Channel.fold(n = 1) Fold a channel, Make a row to n-length chunk rows For example, you have the following channel:

a1 a2 a3 a4
b1 b2 b3 b4

After apply chan.fold(2) you will get:

a1 a2
a3 a4
b1 b2
b3 b4

Unfold a channel

Channel.unfold(n=2) Combine n-rows into one row; do the reverse thing as Channel.fold. But note that the different meaning of n.

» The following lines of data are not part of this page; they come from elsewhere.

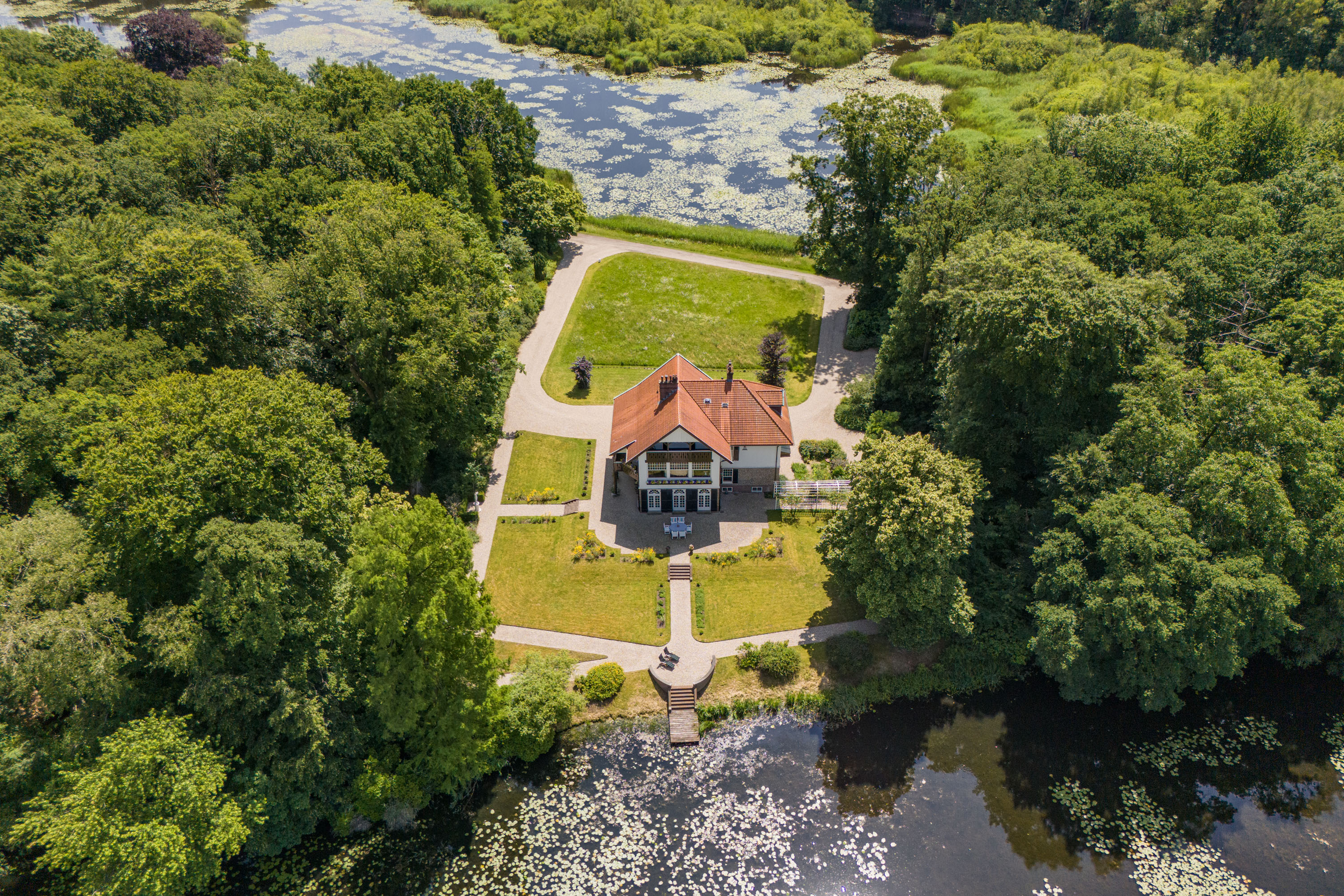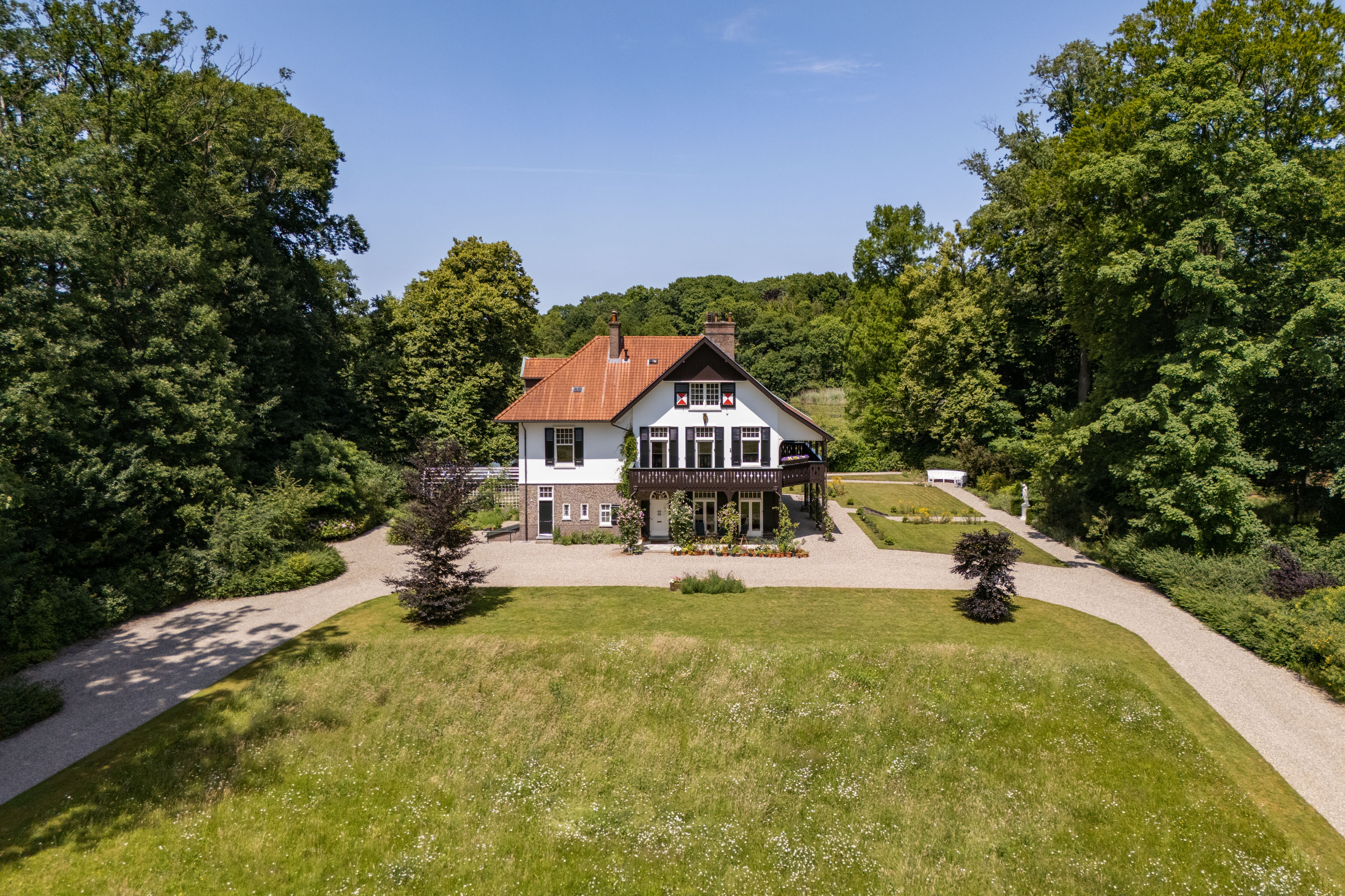 Over the past decade the current owners have made every effort to restore the estate to its former glory. Together with Landschap Overijssel and several renowned partners a restoration plan was carried out for both the garden and the park. Everything was done in line with the intentions of landscape architect L.A. Springer, who designed the estate in the early 1900’s. The two main sightlines from the house to the lakes have been restored as well as several sightlines on both sides of the house, including the so-called maid's lane leading to the nearby farmhouse. The restoration and (re)design of the rose garden, borders, lawns with garden ornaments, ornamental forest edges, decorative shrubbery, park layout with old trees, orchard, and wildflower meadow with historical ornamental plants were completed, complementing the garden and park. It is almost inconceivable how many plants and shrubs have been planted in recent years.
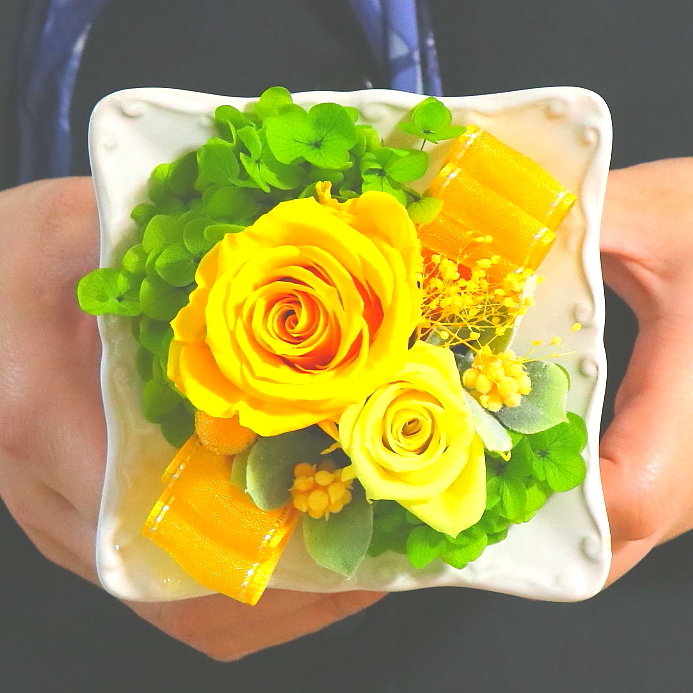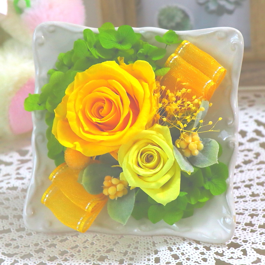 オシャレなスクエアのフレームにアレンジしたプリザ―ドフラワー。お部屋の空間にマッチし、どんな場所でもプリザ―ドローズが際立ちます。イエロー系のセンスの良い贈り物ですよ。【15時迄のご注文で翌日届きます】※こちらの商品についてのご相談、ご質問等ございましたら(メール)または(お電話)にて承ります。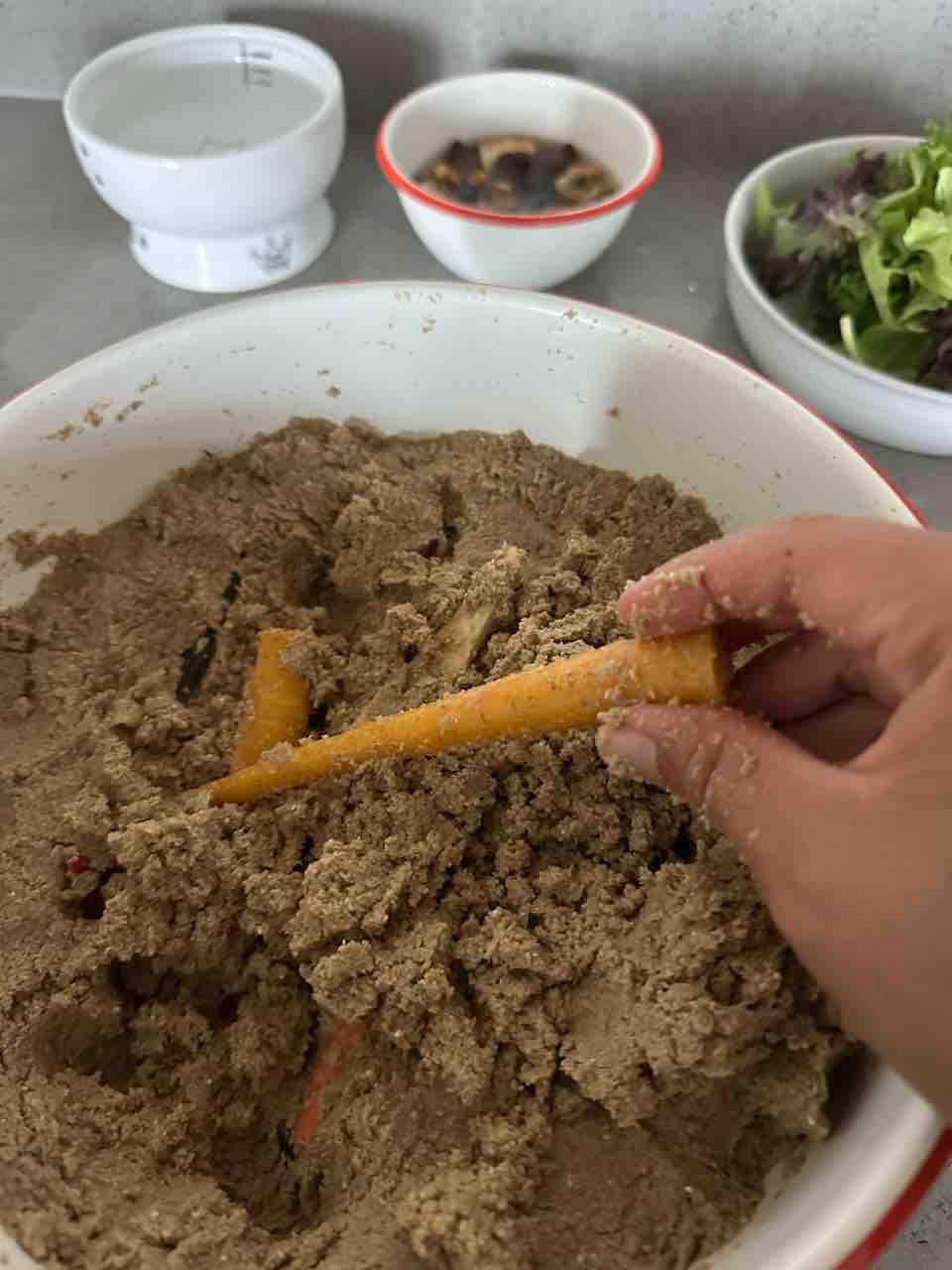 とりあえず腹ペコすぎたので糠漬けをバリバリ食べつつ料理。

In fold, n means the length of the chunk that a row is cut to; will in unfold, it means how many rows to combine.

Copy a channel

Channel.copy() Make a copy of the channel.

Transpose a channel

Channel.t() Transpose this:

Job Index v1 v2 v3
0 a1 b1 c1
1 a2 b2 c2
... ... ... ...

Into:

Job Index v1 v2 ...
0 a1 a2 ...
1 b1 b2 ...
2 c1 c2 ...
... ... ... ...

Warning

All camelCase methods will be deprecated in the future, please use snake_case version instead.